For M3R, the difference between the Ca2+ and PIP2 assays is more pronounced than for M1R. The EC50 determined for CCh in the Ca2+ assay with overexpressed M3R was about 70-fold lower than the EC50 value obtained in the PIP2 assay. The most striking difference is the complete inability of pilocarpine to induce PIP2 hydrolysis. Even if the concentration of pilocarpine was 1000 times greater than that required for saturation of the Ca2+ response, no change in PIP2 level was detected. These results led us to conclude that stimulation of M3R with pilocarpine does not cause PIP2 hydrolysis and, presumably, IP3 production. To test whether the increase in cytosolic free Ca2+ occurs through the influx of extracellular Ca2+, we stimulated CHO-K1 cells overexpressing M3R in the absence of Ca2+ in the culture medium. There was still a robust Ca2+ response to pilocarpine (Fig. 5C) under these conditions, demonstrating that Ca2+ is released from an intracellular source(s).
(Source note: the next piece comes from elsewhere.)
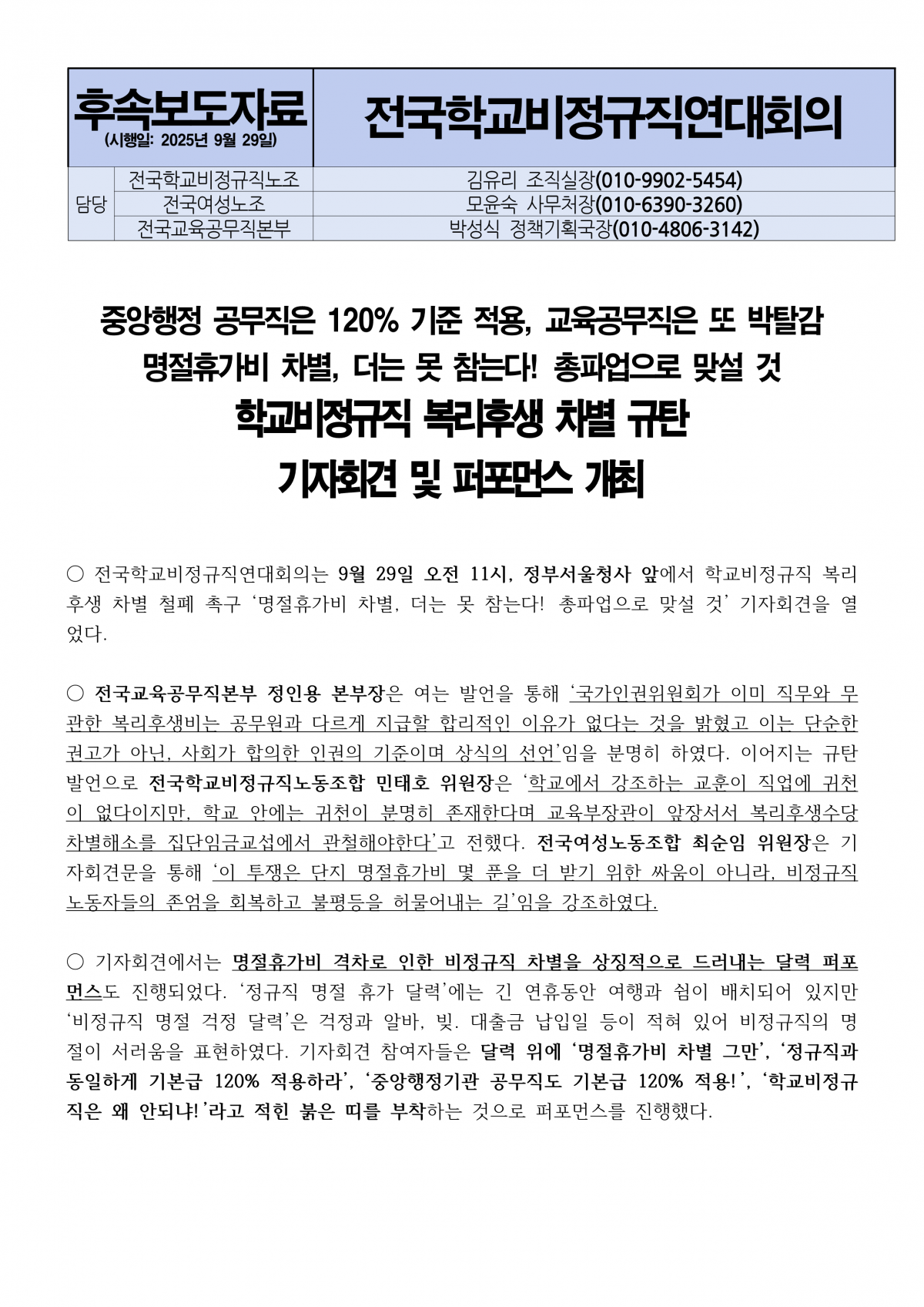 후속보도자료_20250929_학교비정규직_복리후생_차별철폐_촉구_기자회견_Final.hwp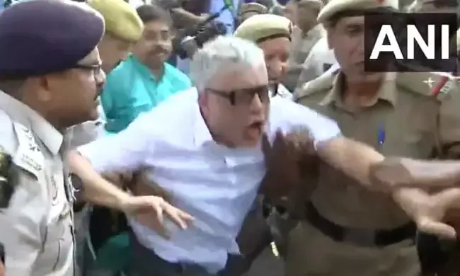 ಹೊಸದಿಲ್ಲಿ: ಚುನಾವಣಾ ಆಯೋಗದ ಕೇಂದ್ರ ಕಚೇರಿ ಎದುರು ಧರಣಿ ನಿರತರಾಗಿದ್ದ ಬಂಗಾಳದ ಆಡಳಿತಾರೂಢ ತೃಣಮೂಲ ಕಾಂಗ್ರೆಸ್ನ 10 ಮಂದಿ ಸಂಸದರ ನಿಯೋಗದ ಸದಸ್ಯರನ್ನು ಪೊಲೀಸರು ಸೋಮವಾರ ವಶಕ್ಕೆ ಪಡೆದರು. ಪೊಲೀಸರು ಪ್ರತಿಭಟನಾನಿರತರನ್ನು ಎಳೆದಾಡಿಕೊಂಡು, ಕೆಲವರನ್ನು ಅಕ್ಷರಶಃ ಎತ್ತಿಕೊಂಡು ಬಸ್ಸಿಗೆ ತಳ್ಳುತ್ತಿರುವ ದೃಶ್ಯಗಳು ಜಾಲತಾಣಗಳಲ್ಲಿ ವೈರಲ್ ಆಗಿವೆ.

Because of the differences in behavior of endogenous M3R versus overexpressed in CHO-K1 cells (Fig. 2; Fig. 3; Fig. 4; Fig. 5), we also used the free Ca2+ and PIP2 assays to compare the effect of CCh on endogenous versus overexpressed M3R in in the same cell line, HEK293T (Fig. 6; Table 1). As one could expect, Ca2+ responses were much stronger with the transfected M3R: the determined EC50 for CCh was more than 250 times lower and the Emax was more than two times greater than with the endogenous receptor. Similar to CHO-K1 cells, the EC50 measured in the Ca2+ assay with overexpressed M3R was about 100 times lower than with PIP2 hydrolysis. As a result, at 0.2 μM of CCh, the PIP2 response is barely detectable (<5% of maximal), whereas the Ca2+ increase is already at 80% of the maximum (Fig. 6, the vertical green line). The most striking result is that even though CCh induces Ca2+ responses via the endogenous receptor (EC50 = 11 ± 2 μM), we were unable to detect any PIP2 hydrolysis, even at millimolar concentrations of CCh. This finding is consistent with an early finding that pilocarpine upregulated Ca2+, but it did not measurably increase inositol-phosphate accumulation in 1321N1 astrocytoma cells (Evans et al., 1985). A likely explanation is that at the endogenous level of M3R expression, even high doses of agonist cause hydrolysis of only a small fraction of PIP2; this fraction is sufficient to stimulate the Ca2+ release, but it is too low to be detected using either radioactively labeled PIP2 precursor or the fluorescent PIP2 biosensor.

Fig. 6.

Fig. 6.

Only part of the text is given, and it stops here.